All publications, patents, patent applications, publication, and database entries (e.g., sequence database entries) mentioned herein, e.g., in the Background, Summary, Detailed Description, Examples, and/or References sections, are hereby incorporated by reference in their entirety as if each individual publication, patent, patent application, publication, and database entry was specifically and individually incorporated herein by reference. In case of conflict, the present application, including any definitions herein, will control.

EQUIVALENTS AND SCOPE

Those skilled in the art will recognize, or be able to ascertain using no more than routine experimentation, many equivalents of the embodiments described herein. The scope of the present disclosure is not intended to be limited to the above description, but rather is as set forth in the appended claims.

Articles such as “a,” “an,” and “the” may mean one or more than one unless indicated to the contrary or otherwise evident from the context. Claims or descriptions that include “or” between two or more members of a group are considered satisfied if one, more than one, or all of the group members are present, unless indicated to the contrary or otherwise evident from the context. The disclosure of a group that includes “or” between two or more group members provides embodiments in which exactly one member of the group is present, embodiments in which more than one members of the group are present, and embodiments in which all of the group members are present. For purposes of brevity those embodiments have not been individually spelled out herein, but it will be understood that each of these embodiments is provided herein and may be specifically claimed or disclaimed.

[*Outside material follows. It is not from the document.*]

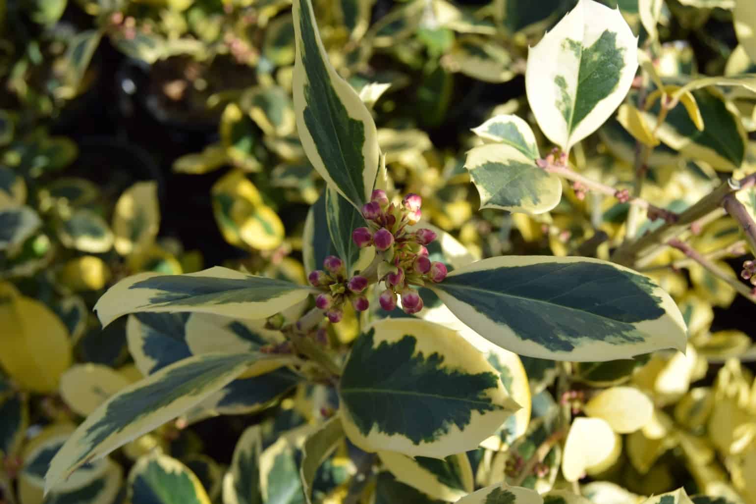 Holly. An erect evergreen shrub with grey-green mottled leaves with broad bright gold margins; produces bright red fruit. Max Height 6m. Max Spread 5m. Flowers May to June. Fruits September. Full Sun. Hardy. Back-fill with soil mixed with peat substitute and a suitable fertiliser.

It is to be understood that the invention encompasses all variations, combinations, and permutations in which one or more limitation, element, clause, or descriptive term, from one or more of the claims or from one or more relevant portion of the description, is introduced into another claim. For example, a claim that is dependent on another claim can be modified to include one or more of the limitations found in any other claim that is dependent on the same base claim. Furthermore, where the claims recite a composition, it is to be understood that methods of making or using the composition according to any of the methods of making or using disclosed herein or according to methods known in the art, if any, are included, unless otherwise indicated or unless it would be evident to one of ordinary skill in the art that a contradiction or inconsistency would arise.

Where elements are presented as lists, e.g., in Markush group format, it is to be understood that every possible subgroup of the elements is also disclosed, and that any element or subgroup of elements can be removed from the group. It is also noted that the term “comprising” is intended to be open and permits the inclusion of additional elements or steps. It should be understood that, in general, where an embodiment, product, or method is referred to as comprising particular elements, features, or steps, embodiments, products, or methods that consist, or consist essentially of, such elements, features, or steps, are provided as well. For purposes of brevity those embodiments have not been individually spelled out herein, but it will be understood that each of these embodiments is provided herein and may be specifically claimed or disclaimed.

Where ranges are given, endpoints are included. Furthermore, it is to be understood that unless otherwise indicated or otherwise evident from the context and/or the understanding of one of ordinary skill in the art, values that are expressed as ranges can assume any specific value within the stated ranges in some embodiments, to the tenth of the unit of the lower limit of the range, unless the context clearly dictates otherwise. For purposes of brevity, the values in each range have not been individually spelled out herein, but it will be understood that each of these values is provided herein and may be specifically claimed or disclaimed. It is also to be understood that unless otherwise indicated or otherwise evident from the context and/or the understanding of one of ordinary skill in the art, values expressed as ranges can assume any subrange within the given range, wherein the endpoints of the subrange are expressed to the same degree of accuracy as the tenth of the unit of the lower limit of the range.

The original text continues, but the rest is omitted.